Problem 2028 Find Missing Observations

Posted on Sep 6, 2024 4 mins

Table of Contents

Problem Statement

Link - Problem 2028

Question

You have observations of n + m 6-sided dice rolls with each face numbered from 1 to 6. n of the observations went missing, and you only have the observations of m rolls. Fortunately, you have also calculated the average value of the n + m rolls.

You are given an integer array rolls of length m where rolls[i] is the value of the i^th observation. You are also given the two integers mean and n.

Return an array of length n containing the missing observations such that the average value of the n + m rolls is exactly mean. If there are multiple valid answers, return any of them. If no such array exists, return an empty array.

The average value of a set of k numbers is the sum of the numbers divided by k.

Note that mean is an integer, so the sum of the n + m rolls should be divisible by n + m.

Example 1

Input: rolls = [3,2,4,3], mean = 4, n = 2
Output: [6,6]
Explanation: The mean of all n + m rolls is
 (3 + 2 + 4 + 3 + 6 + 6) / 6 = 4.

Example 2

Input: rolls = [1,5,6], mean = 3, n = 4
Output: [2,3,2,2]
Explanation: The mean of all n + m rolls is
 (1 + 5 + 6 + 2 + 3 + 2 + 2) / 7 = 3.

Example 3

Input: rolls = [1,2,3,4], mean = 6, n = 4
Output: []
Explanation: It is impossible for the mean to be 6 no matter what the 4 missing rolls are.

Constraints

m == rolls.length
1 <= n, m <= 10⁵
1 <= rolls[i], mean <= 6

Solution

class Solution {
public:
    vector<int> missingRolls(vector<int>& rolls, int mean, int n) {
        int tot = 0;
        for (int i = 0; i < rolls.size(); i++) {
            tot += rolls[i];
        }

        int sum = mean * (n + rolls.size()) - tot;
        if (sum > 6 * n or sum < n) {
            return {};
        }
        int divide = sum / n;
        int rem = sum % n;
        vector<int> ans(n, divide);
        for (int i = 0; i < rem; i++) {
            ans[i]++;
        }
        return ans;
    }
};

Complexity Analysis

| Algorithm    | Time Complexity | Space Complexity |
| ------------ | --------------- | ---------------- |
| Accumulation | O(m)            | O(1)             |
| Division     | O(n)            | O(n)             |

Explanation

1. Intuition

Let’s try to breakdown the meaning of the problem. We are given m die rolls and a number mean which is the supposed average of n+m die rolls. We are given n also. Now we need to find the missing m entries such that the average of all n+m die rolls is equal to mean.

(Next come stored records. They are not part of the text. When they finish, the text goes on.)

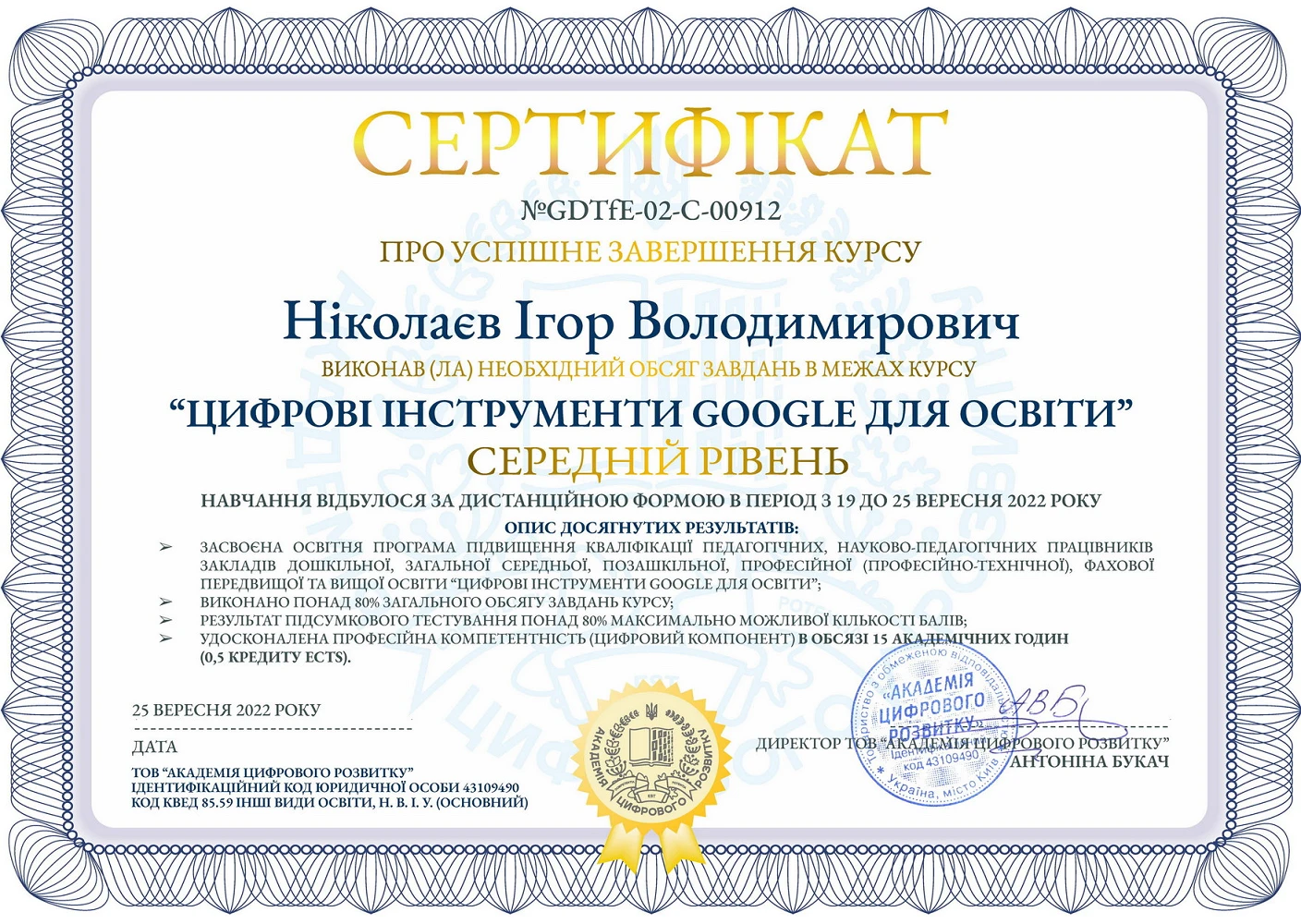 З 5 по 30 вересня 2022 року доцент кафедри економічної теорії, маркетингу та економічної кібернетики ЦНТУ Ігор Ніколаєв прийняв участь у 2-й сесії дистанційного навчання за програмою “Google Digital Tools for Education / Цифрові інструменти Google для освіти”. Організаторами навчання заради розширення можливостей використання цифрових інструментів для організації дистанційного навчання й підвищення ефективності освітнього процесу виступили Міністерство освіти і науки України за підтримки Google Україна.
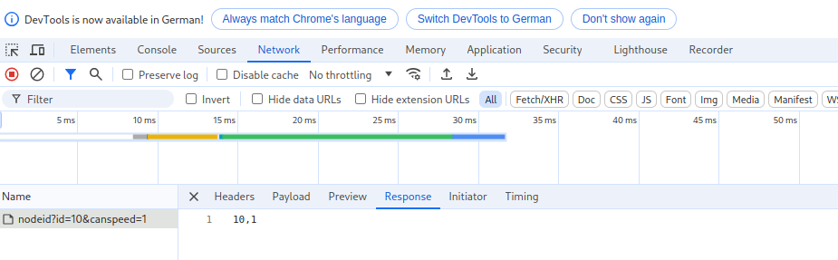 When you open dev tools (F12 in good browsers) you should see the request going out and when selecting it and viewing the response should see something like this
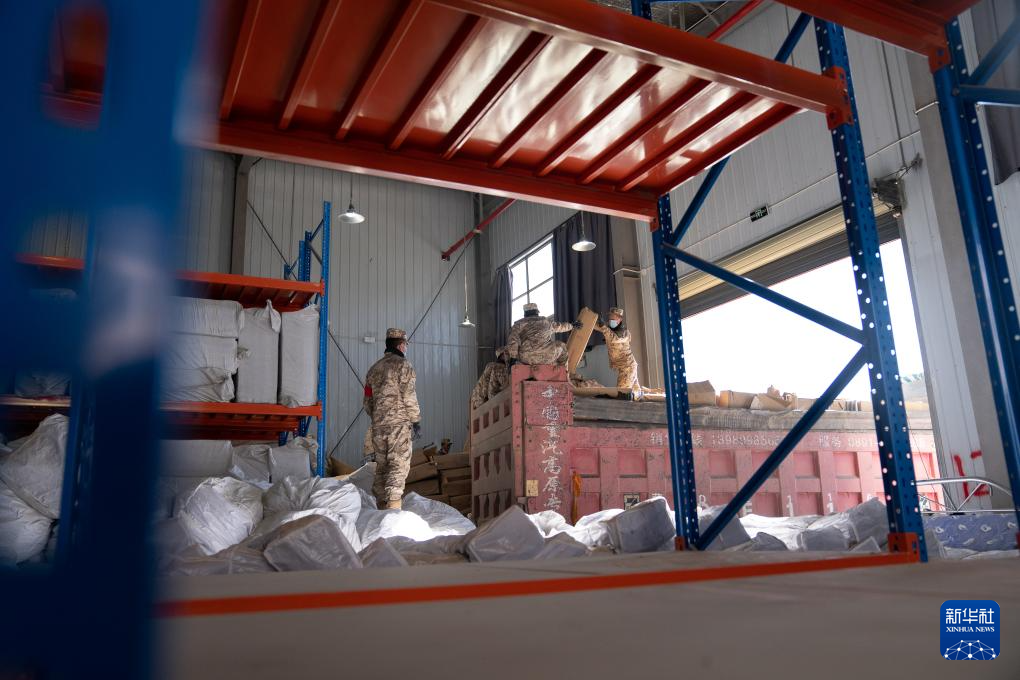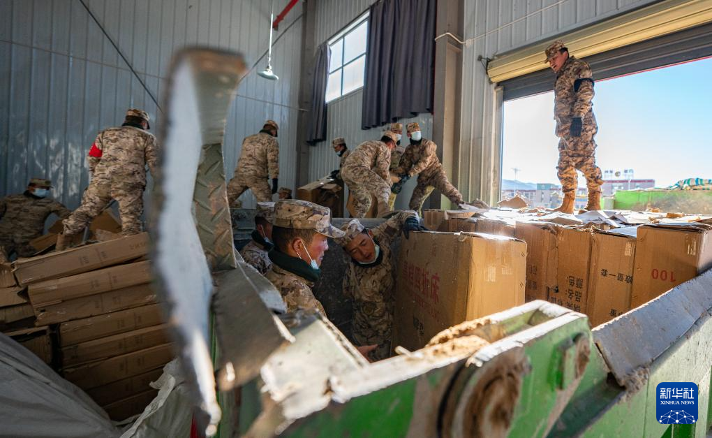 1月8日,在日喀則市經(jīng)開區(qū)物資儲備倉庫,武警官兵在搬運抗震救災(zāi)物資。新華社記者 丁增尼達 攝
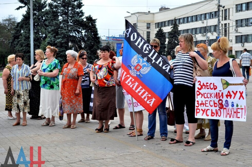 Донецк, 21 июл – Корр. ДАН. Флешмоб «Донбасс говорит по-русски» прошел сегодня утром в центре Донецка. В мероприятии приняли участие представители правящего общественного движения «Донецкая Республика», депутаты Народного Совета и жители мегаполиса.
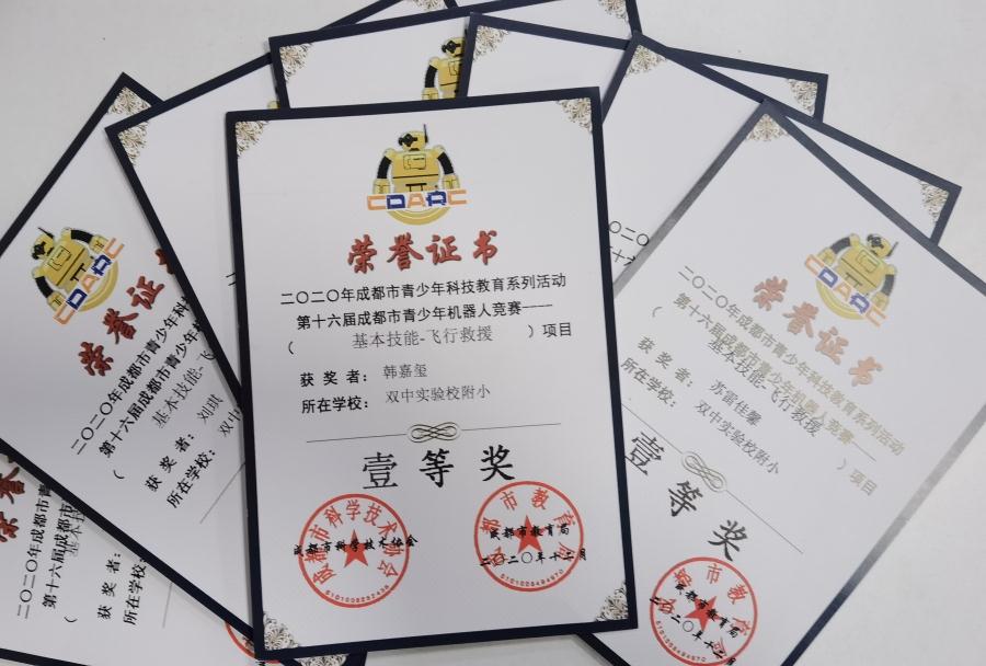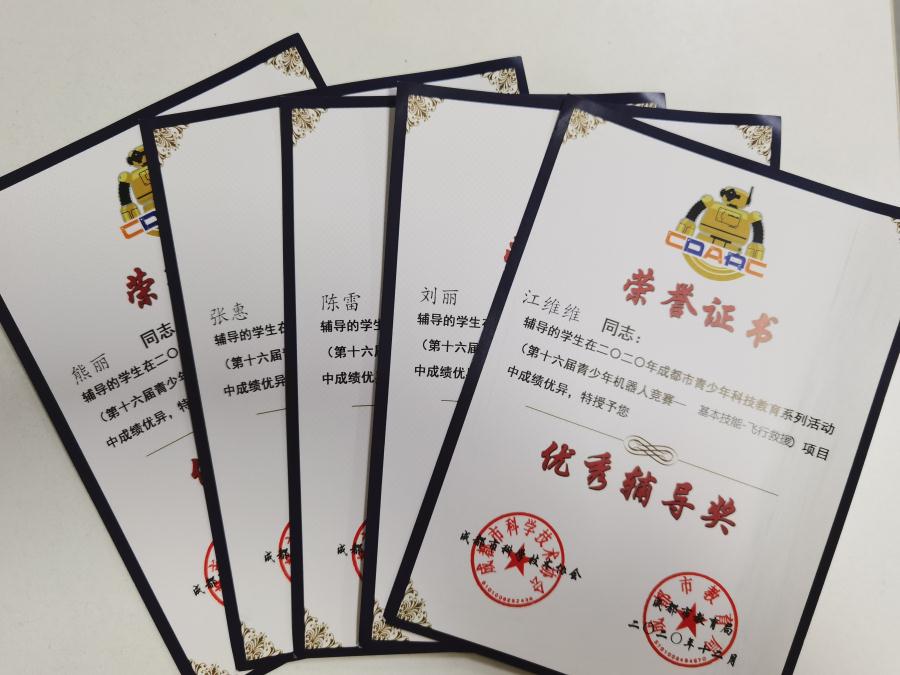 为进一步提高我校学生在信息技术方面的学习水平,培养孩子们的科技创新精神和动手实践能力,鼓励孩子们在信息、智能控制等领域进行学习、探索、研究和实践,激发他们对信息技术的兴趣,提高信息素养,我校5位信息技术老师积极辅导和组织学生,参加了2020年成都市青少年机器人竞赛的基本技能-飞行救援项目比赛。
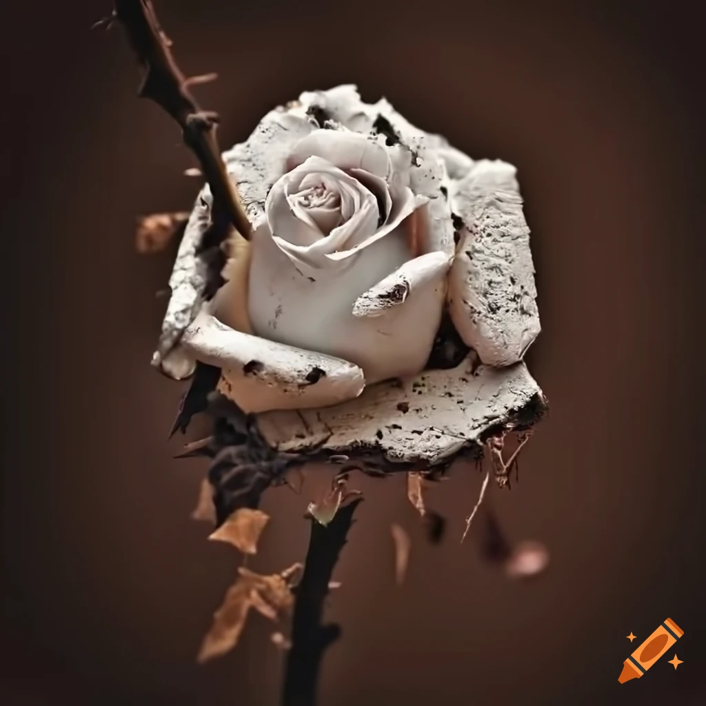 A fading single bush rose in the middle of dust cobwebs and splinters ...
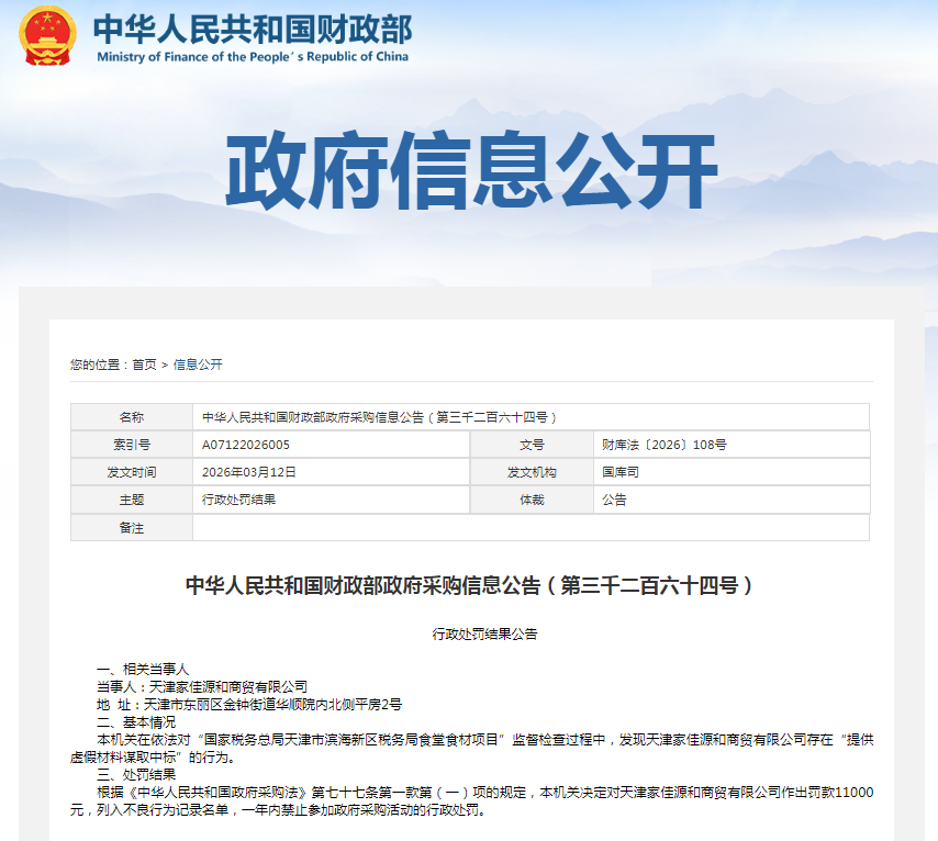 齐鲁晚报·齐鲁壹点记者于中华人民共和国财政部政府信息公开栏获悉,3月12日,天津家佳源和商贸有限公司(下称“天津家佳源和商贸”)被行政处罚。文号:财库法〔2026〕108号。
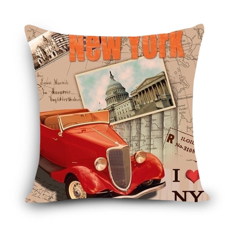 Decorative cushion cover with a colourful print. New York motif. Dimensions 45×45 cm.
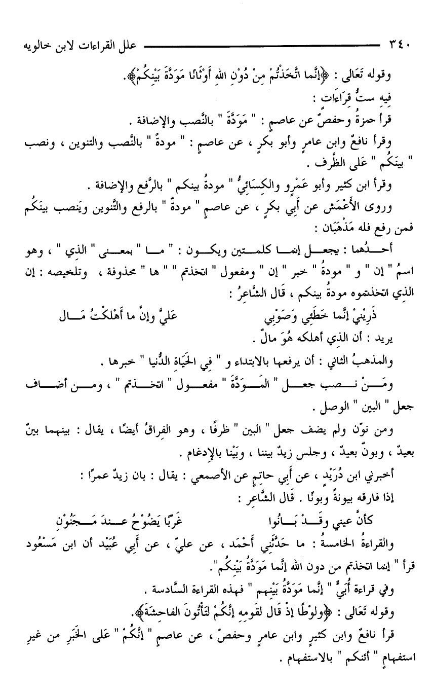 وفي قراءة أُبَيِّ «إنَّما مَوَدَّةُ بَيْنِهم» فهذه القراءة السَّادسة.
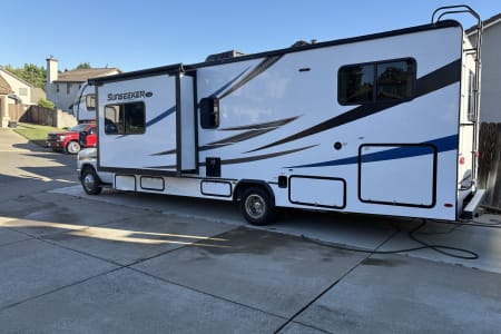 This almost new bunkhouse model provides a designated sleeping area for kids—conveniently located across from the bathroom! There's a 28" x 72" flip-down bunk that folds flat against the wall up above, with a kids' sofa sleeper that folds out to a bed below. The adults can enjoy their own separate sleeping area in the rear, where the main bedroom is located. The bathroom is compact, but offers a 24" x 32" shower with tub, along with linen storage. In the main living area, the kitchen is set up to maximize space, while a booth dinette and sofa provide additional seating and sleeping areas. In front, a 60" x 80" cab over bunk gives you even more space! Built on the Ford E450 Chassis.
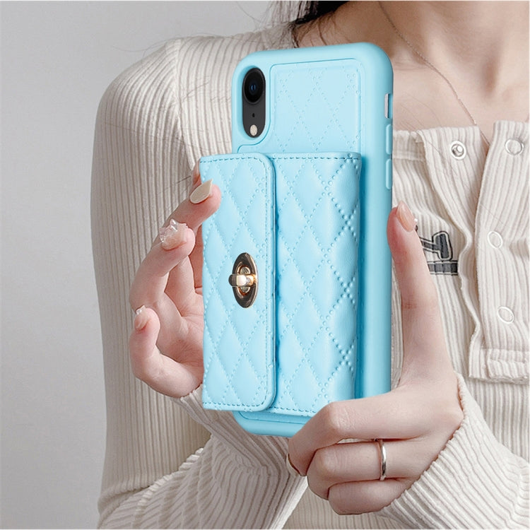 Caja de teléfono de cuero Rombal para iPhone Xr con hebilla de metal horizontal (Azul)

$$ mean = \frac{sum\ of\ all\ rolls}{n+m} = \frac{sum\ of\ m\ rolls + sum\ of\ n\ rolls}{n+m} $$$$ sum\ of\ n\ rolls = mean \times (n+m) - sum\ of\ m\ rolls $$

Once we get the sum of n rolls, we can divide it by n to get the lower bound of the each die roll.
We can then find the remainder and distribute it among the n rolls.
But when does the solution not exist?
- If the sum of n rolls is greater than 6*n or less than n, then the solution does not exist.
- This is because the die rolls are from 1 to 6 and the sum of n rolls should be between n and 6*n.

2. Implementation

- Initialize a variable `tot` to store the sum of `m` rolls.
- Initialize a variable `sum` to store the sum of `n` rolls.
- Iterate over the `rolls` array and accumulate the sum of `m` rolls.
- Calculate the sum of `n` rolls using the formula `mean * (n + rolls.size()) - tot`.
- If the sum of `n` rolls is greater than `6*n` or less than `n`, return an empty array.
- Calculate the lower bound of each die roll using the formula `sum / n`.
- Calculate the remainder using the formula `sum % n`.
- Initialize a vector `ans` of size `n` and fill it with the lower bound of each die roll.
- Distribute the remainder among the `n` rolls.
- Return the `ans` vector.